His eye caught the splashes of the guard boat’s oars, more noticeable than ever with the crew pulling wildly as they paid attention to the din on shore instead of to their own business. The barge shot silently and unnoticeable towards it. She was only fifty yards from the guard boat when someone at last caught sight of her.
“Qui va là!” cried someone, sharply, but before any answer could be expected the barge came crashing up against the guard boat’s side, as Hornblower dragged the tiller round.
His quick order had got the oars in a second before the collision, while the impact of the barge swept the oars of the guard boat away, tumbling half her crew in a tangle into the bottom of the boat. Hornblower’s sword was out, and at the instant of contact he leaped madly from the barge to the guard boat, choking with excitement and nervousness as he did so. He landed with both feet on someone in the stern, trod him down, and miraculously kept his own footing. There was a white face visible down by his knee, and he kicked at it, wildly, felt a jar up his leg as the kick went home, and at the same moment he cut with all his strength at another head before him. He felt the sword bite into bone; the boat rolled frightfully under him as more of the barge’s crew came tumbling into the guard boat. Someone was heaving himself upright before him—someone with a black gash of a moustache across his face in the starlight, and therefore no Englishman. Hornblower lunged fiercely as he reeled in the rocking boat, and he and his opponent came down together upon the men under their feet. When he scrambled up the struggle was over, without a shot being fired. The guard boat’s crew was dead, or overboard, or knocked unconscious. Hornblower felt his neck and his wrist wet and sticky—with blood, presumably, but he did not have time to think about that.
“Into the barge, men,” he said. “Give way.”
The whole fight had hardly taken more than a few seconds. At the batteries the racket of the attack was still continuing, and even as the barge pushed away from the derelict guard boat there came a sudden splutter of musketry fire from higher up the bay. The two cutters had reached the anchored ship without impediment, rowing, as Hornblower’s orders had dictated, past the two locked boats straight for her.

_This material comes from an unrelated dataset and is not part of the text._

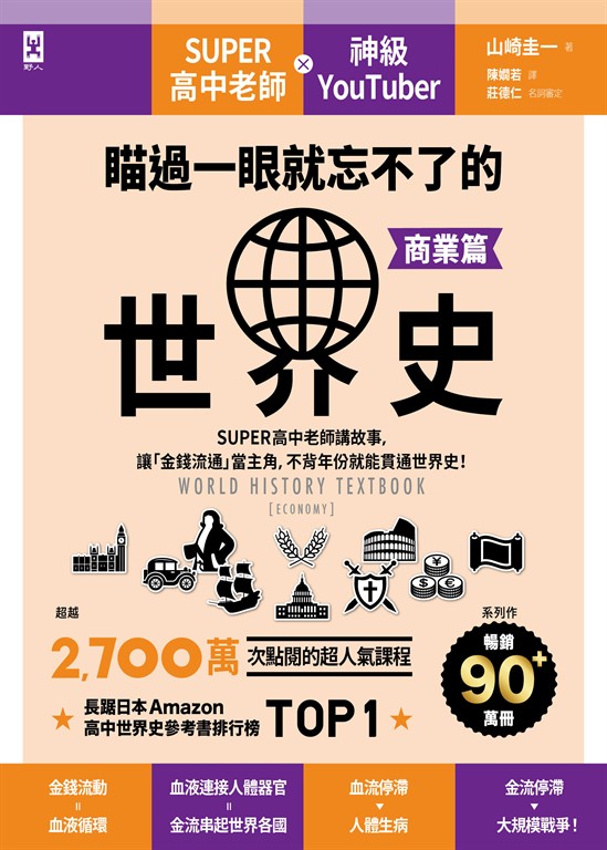內容簡介 ★★★系列暢銷90萬冊!★★★ ★★★日本Amazon高中世界史參考書排行榜TOP1★★★ --------------------------------------------------------------------------------- SUPER高中老師╳神級YouTuber╳最強「圖像記憶法」 超越2,700萬次點閱的超人氣課程 --------------------------------------------------------------------------------- ▌為什麼我們需要了解「歷史中的金流」? 世界各國就像身體的各個器官, 金錢和貨物就像血液, 血液流過全身,串聯起各個器官, 就像金錢和貨物流通於世界,把國與國連結在一起。 血液滯留在器官,人會生病; 金錢停滯在某個國家或地區,就會引發大規模戰爭。 ▌了解歷史中的「金流」= 了解國與國之間的「連結」 讓金錢流動把歷史串成一個完整故事, 學歷史從此不再暈頭轉向! ➤以「商業活動」為主角,輕鬆掌握世界史脈絡! ●北義大利為何可以最早展開文藝復興?原來義大利商人透過蒙古帝國與元朝縝密的東西向貿易網絡,網羅中國、印度、波斯的物產而獲得「財富密碼」! ●世界因為「辛香料」而串連?過去歐洲商人原本可透過陸路貿易取得亞洲香料等物產,卻遇上「路霸」鄂圖曼帝國阻撓,乾脆發展水路貿易,沒想到全世界因此串連了起來。 ➤用「橫向剖面」看世界各地的連結,全方位架構歷史視角! 將世界史劃分成10大時代,從地理位置由西向東解說同一時代下世界各地的商業發展,全方位補充你的歷史視野! ●因貿易稱霸世界的英國、荷蘭,輸出殖民地產品的同時也「大撒幣」購入亞洲物產,想不到大量白銀流入卻導致鄂圖曼帝國的「沒落」? ●全球化之下,美、日出現「產業空洞化」,工廠紛紛外移至東南亞,不料卻遇上一件事讓「成長神話」奏停? ➤年分OUT!稱霸歷史課不用死背硬記 流暢故事線+易懂圖表,讓你簡單理解歷史故事的前因後果, 加深印象,考前複習更輕鬆! ▌本書架構 【每章章首】世界地圖標示本章重大事件+各地區重點提示,一眼記住每個時代重要商業活動! 【內文】重點標記+穿插地圖&事件解說圖表,最強化視覺記憶!

With his hand on the tiller he set a course for the musket flashes. Apparently the cutters’ crews had not succeeded in carrying the ship at the first rush, for the sparkle of the firing stayed steady along the ship’s bulwark—she must have had her boarding nettings rigged and her crew fairly wide awake.
The child Longley at his side was leaping about in his seat with excitement.

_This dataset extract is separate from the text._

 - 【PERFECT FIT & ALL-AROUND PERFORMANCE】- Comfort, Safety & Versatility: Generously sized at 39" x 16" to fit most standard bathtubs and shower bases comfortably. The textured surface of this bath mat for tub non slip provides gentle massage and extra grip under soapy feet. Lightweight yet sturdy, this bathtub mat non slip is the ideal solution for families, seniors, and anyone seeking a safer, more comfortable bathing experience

“Sit still, boy,” growled Hornblower.
He put the tiller over and the barge swept under the ship’s stern towards the disengaged side of the ship.

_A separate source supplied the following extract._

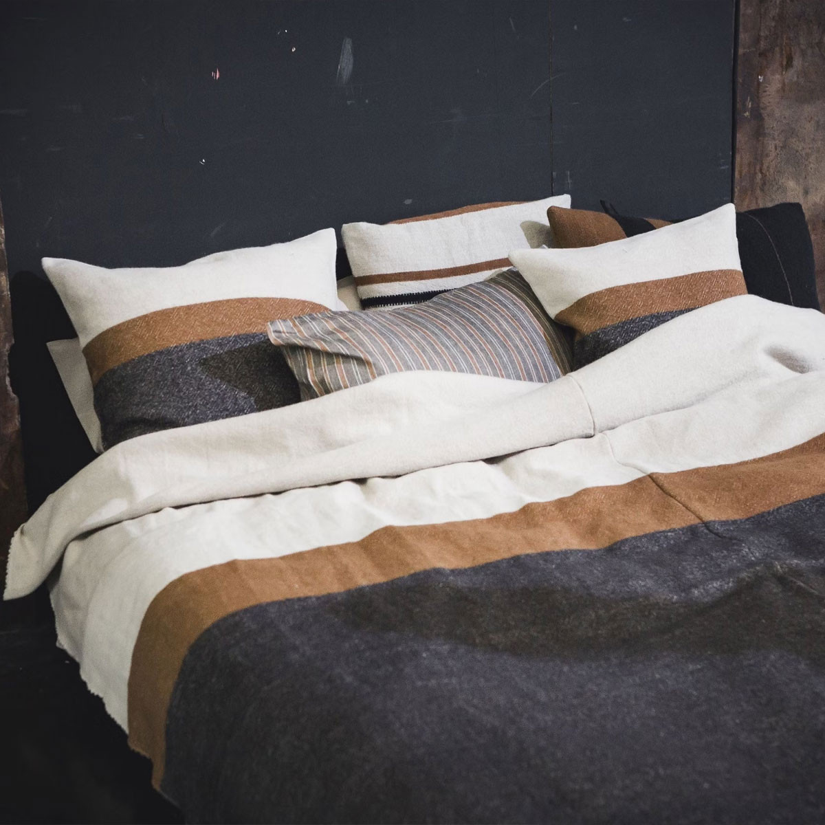 Couvre-lit Nash de Libeco. Mélange Lin (70%) et Laine (30%) (610 g/m²). Coloris arabica, bone et beeswax. Chaleur et élégance. Fini avec une couture centrale. Dimension 260x240 cm.

“Oars!” hissed Hornblower. “Take hold, there, bowman. Now, all together, men, and give a cheer.”
It was a hard scramble up the side of the ship, and her boarding nettings were rigged, sure enough. Hornblower found foothold on the bulwark through the netting, swaying perilously, leaning far out over the water, for the nettings were rigged from the yardarms and sloped sharply outwards. He struggled in them like a fly in a web. Beside him he saw Longley, writhing similarly. The boy had his dirk between his teeth in the fashion he had heard about in sailors’ yarns. He looked so foolish hanging in the netting with that great clumsy weapon in his mouth that Hornblower giggled insanely on his insecure foothold. He snatched his sword from its sheath, clutching with the other hand, and slashed at the tarry cordage. The whole net was heaving and tossing as the barge’s crew wrenched at it; he was almost jerked from his hold.
But everyone around him was cheering madly. This surprise attack on the unguarded side must be shaking the nerve of the defenders trying to beat off the cutters’ crews. The fifty-guinea sword was of the finest steel and had a razor edge; it was cutting through strand after strand of the netting. Suddenly something parted with a rush. For one horrible second Hornblower lost his footing and nearly fell outwards, but with a convulsive effort he recovered and swung himself forward, falling through the net on his hands and knees, the sword clattering on the deck before him. A Frenchman was rushing at him; his eye caught a glimpse of the steel head of a levelled pike. He snatched hold of the shaft, twisting on to his back, guiding the weapon clear. The Frenchman’s knee crashed into the back of his head, and his neck was badly wrenched as the Frenchman tumbled over on top of him. He kicked himself clear, found his sword, miraculously, and stood to face the other dark shapes rushing at him.
A pistol banged off at his ear, half deafening him, and it seemed as if the whole mass of those attacking him melted away into nothing at the finish. Those others crossing the deck now were English; they were cheering.
“Mr. Crystal!”
“Sir!”
“Cut the cable. Is Mr. Hooker there?”
“Aye aye, sir.”
“Get aloft with your boat’s crew and set sail.”
There was no time for self congratulation yet. Boats might come dashing out from the shore with reinforcements for the ship’s crew; and Rayner and Gerard might be repulsed by the garrisons of the batteries so that he would have to run the gauntlet of the guns.
“Brown!”
“Sir!”
“Send up that rocket.”
“Aye aye, sir.”
The rocket which Brown had brought with him at Hornblower’s orders was to be the signal to the landing parties that the ship was taken. And there was a decided breath of air coming off the land which would carry the ship out of the bay; Hornblower had counted on that—after the scorching heat of the day a land breeze was only to be expected.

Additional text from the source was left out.